Freden, eine 3.000-Einwohner-Gemeinde im Kreis Hildesheim (NI). Im Mai 2011 bricht in einem Lager- und Bürogebäude nach Schweißarbeiten an einem Oldtimer ein Feuer aus. Durch den Rauch wird mehreren Personen im Haus der Fluchtweg abgeschnitten. Einige von ihnen sind schwer verletzt. Etwa einen Kilometer entfernt kommt es nach einem technischen Defekt zur selben Zeit zu einem weiteren Gebäudebrand. Auch hier sind Menschenleben in Gefahr. Da die Feuerwehr Freden in einem anderen Einsatz gebunden ist, rückt die Kreisfeuerwehrbereitschaft aus dem benachbarten Holzminden mit allen vier Zügen an. Auch die Schnell-Einsatz-Gruppe (SEG) der Holzmindener Johanniter fährt zur Einsatzstelle.

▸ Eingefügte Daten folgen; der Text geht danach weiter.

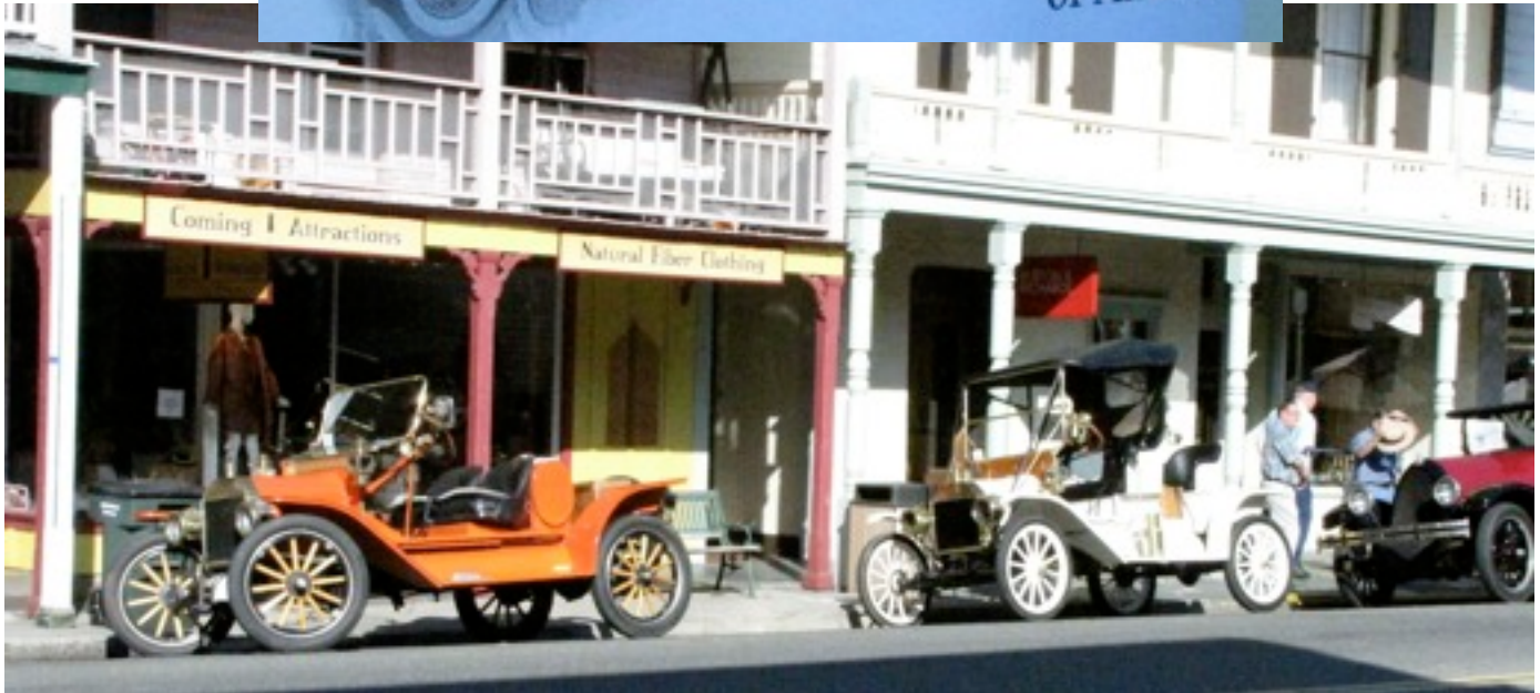
Reserved Parking on the Main street of Sutter Creek

Zwei Lagen gleichzeitig, und das auf unbekanntem Terrain. Für Bereitschaftsführer Thomas Planke und seinen Stellvertreter Holger Gerke wäre es unter normalen Umständen schwer, sich einen Überblick zu verschaffen und die Kräfte zu führen. Doch die beiden haben ungewöhnliche Verstärkung mitgebracht: zwei Mikro-Drohnen, ausgestattet mit Digitalkamera und HD-Video-Camcorder, gestellt und bedient von Mitarbeitern der Holzmindener Firma Air Rotor Media. Diese sind bereits vorab in die Lagen eingewiesen worden, denn es handelt sich nicht um einen Realeinsatz, sondern um eine groß angelegte Übung. Die Aufgabe für das Drohnen-Team: Unterstützung der Einsatzleitung bei der Führung und Gefahrenerkennung aus der Luft.

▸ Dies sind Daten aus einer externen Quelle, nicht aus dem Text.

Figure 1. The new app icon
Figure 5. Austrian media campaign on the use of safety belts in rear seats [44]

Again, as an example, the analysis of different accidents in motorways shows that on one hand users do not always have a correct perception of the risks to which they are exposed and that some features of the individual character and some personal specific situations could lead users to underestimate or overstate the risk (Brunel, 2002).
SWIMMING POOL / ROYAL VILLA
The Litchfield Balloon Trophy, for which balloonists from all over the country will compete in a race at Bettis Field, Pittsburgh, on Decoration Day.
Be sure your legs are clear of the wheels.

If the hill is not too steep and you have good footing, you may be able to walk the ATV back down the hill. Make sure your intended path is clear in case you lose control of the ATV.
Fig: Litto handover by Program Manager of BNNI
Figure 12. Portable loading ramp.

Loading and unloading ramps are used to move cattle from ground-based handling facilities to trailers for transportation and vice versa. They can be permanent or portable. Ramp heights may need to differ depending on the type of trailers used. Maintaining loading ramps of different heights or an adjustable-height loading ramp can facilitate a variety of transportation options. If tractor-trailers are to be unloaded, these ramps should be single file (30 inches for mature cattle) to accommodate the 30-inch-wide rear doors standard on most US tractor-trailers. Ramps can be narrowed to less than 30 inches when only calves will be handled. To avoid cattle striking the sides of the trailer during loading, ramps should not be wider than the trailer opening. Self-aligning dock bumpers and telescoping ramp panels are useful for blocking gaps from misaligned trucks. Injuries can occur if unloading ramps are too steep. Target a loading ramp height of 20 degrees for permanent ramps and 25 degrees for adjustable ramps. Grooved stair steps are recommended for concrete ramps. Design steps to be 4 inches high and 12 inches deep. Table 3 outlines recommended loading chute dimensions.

„Wir testen zwei verschiedene Möglichkeiten des Einsatzes“, erläutert Frank Potthast, Vertriebsleiter von AirRotor Media. „Zum einen werden Live-Bilder der Kamera direkt in den Einsatzleitwagen (ELW) 2 übertragen.“ Vorteil dabei: Der Einsatzleiter muss nicht direkt vor Ort sein. „Zum anderen probieren wir einen ‚abgesetzten‘ Modus aus, bei dem die Drohne direkt am Einsatzort gestartet und dem Piloten ein Beobachter beigestellt wird. Dieser überträgt seinen Lagebericht mittels Funk an die Einsatzleitung.“ Dabei wird das Live-Bild der Drohne an einen zweiten externen Monitor beziehungsweise an eine Videobrille weitergeleitet. „Der Beobachter muss also nicht direkt dem Piloten über die Schulter sehen, sondern hat ein eigenes Anzeigegerät“, erläutert Potthast.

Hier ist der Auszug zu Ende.